:: Assignment ::
Every line below needs to be transcribed without alteration, and no image may be carried over.

++++

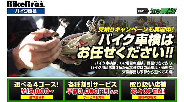 「BikeBros.バイク車検」サービススタートバイクブロスはオートバイ用品専門店「2りんかん」でのバイク車検見積を、バイクブロスサイトから取得できる「BikeBros.バイク車検」サービスをスタートさせたnews.bikebros.co.jp
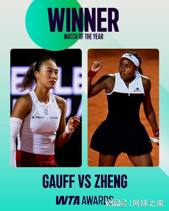 由球迷评选的WTA最受欢迎单打球员奖则被中国一姐郑钦文获得,这是她连续第二年当选,蝉联了人气女王。不仅如此,郑钦文与美国一姐高芙在罗马站半决赛的较量还当选2025赛季WTA年度对决。稍显遗憾的是,当时小郑同学1-2输给了高芙。
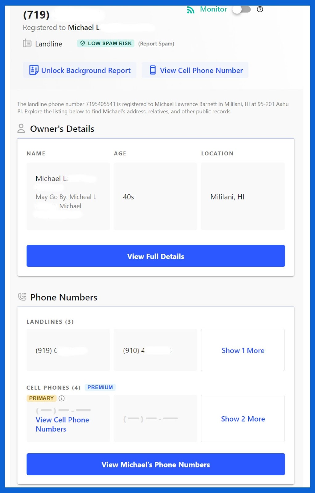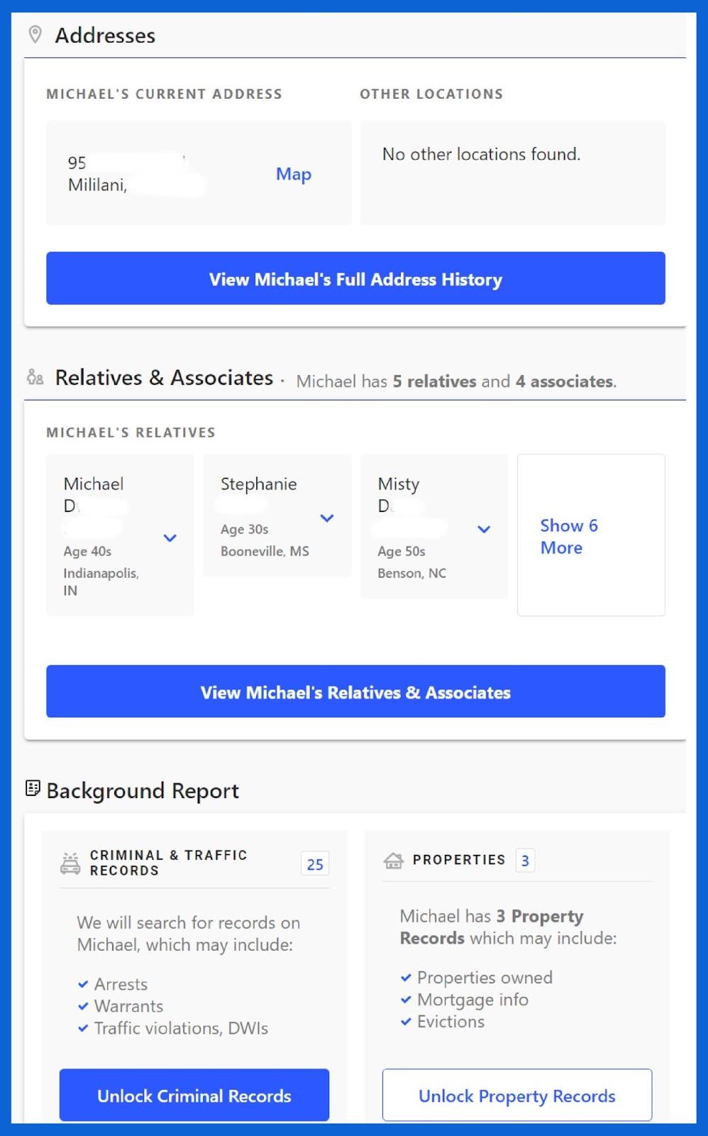 U nekim slučajevima, web stranica ili aplikacija može generirati detaljnije rezultate. U tom slučaju, možete vidjeti ime povezano s brojem i detalje kao što je adresa, starost osobe, drugi telefonski brojevi koji mogu biti povezani s istom osobom, rodbina i više. Međutim, ako trebate više informacija o njihovim kaznenim ili pozadinskim izvještajima, one su dostupne nakon plaćanja dodatne naknade.
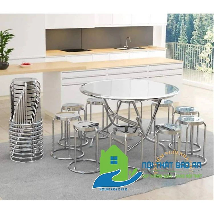 Bộ bàn tròn inox nhà hàng 10 ghế - NỘI THẤT BẢO AN
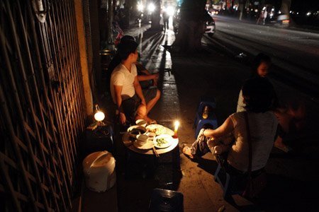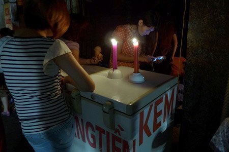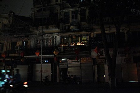 | Nhóm bạn trẻ thắp nến ngắm phố phường trên tầng 2 phố Hàng Khay |
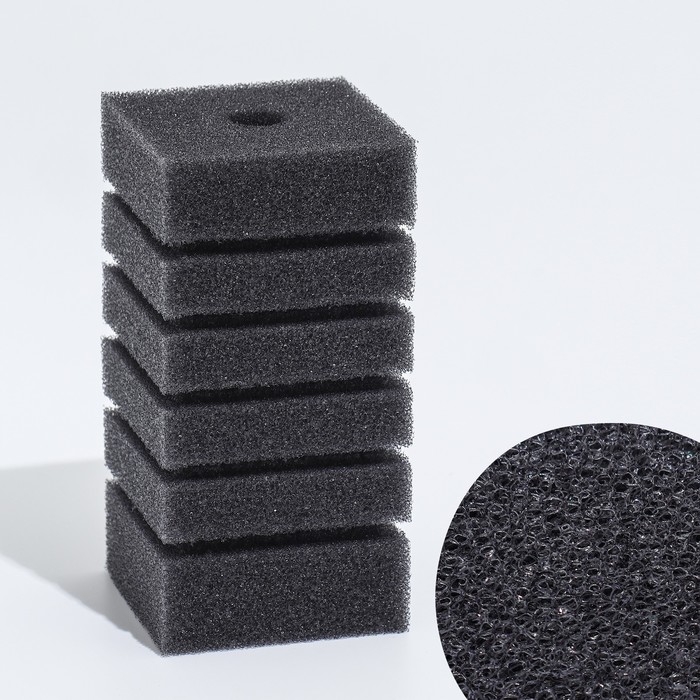 Губка прямоугольная для фильтра № 2, ретикулированная 30 PPI, 6 х 4 х 11 см, черная
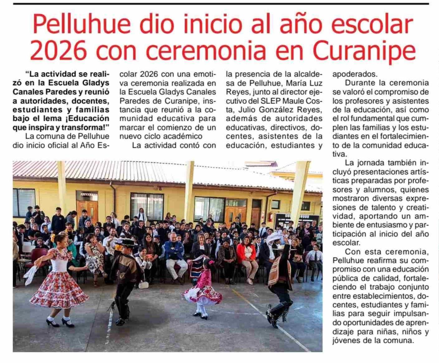 Pelluhue dio inicio al año escolar 2026 con ceremonia en Curanipe

++++

:: Answer to the problem ::
 「BikeBros.バイク車検」サービススタートバイクブロスはオートバイ用品専門店「2りんかん」でのバイク車検見積を、バイクブロスサイトから取得できる「BikeBros.バイク車検」サービスをスタートさせたnews.bikebros.co.jp
 由球迷评选的WTA最受欢迎单打球员奖则被中国一姐郑钦文获得,这是她连续第二年当选,蝉联了人气女王。不仅如此,郑钦文与美国一姐高芙在罗马站半决赛的较量还当选2025赛季WTA年度对决。稍显遗憾的是,当时小郑同学1-2输给了高芙。
 U nekim slučajevima, web stranica ili aplikacija može generirati detaljnije rezultate. U tom slučaju, možete vidjeti ime povezano s brojem i detalje kao što je adresa, starost osobe, drugi telefonski brojevi koji mogu biti povezani s istom osobom, rodbina i više. Međutim, ako trebate više informacija o njihovim kaznenim ili pozadinskim izvještajima, one su dostupne nakon plaćanja dodatne naknade.
 Bộ bàn tròn inox nhà hàng 10 ghế - NỘI THẤT BẢO AN
 | Nhóm bạn trẻ thắp nến ngắm phố phường trên tầng 2 phố Hàng Khay |
 Губка прямоугольная для фильтра № 2, ретикулированная 30 PPI, 6 х 4 х 11 см, черная
 Pelluhue dio inicio al año escolar 2026 con ceremonia en Curanipe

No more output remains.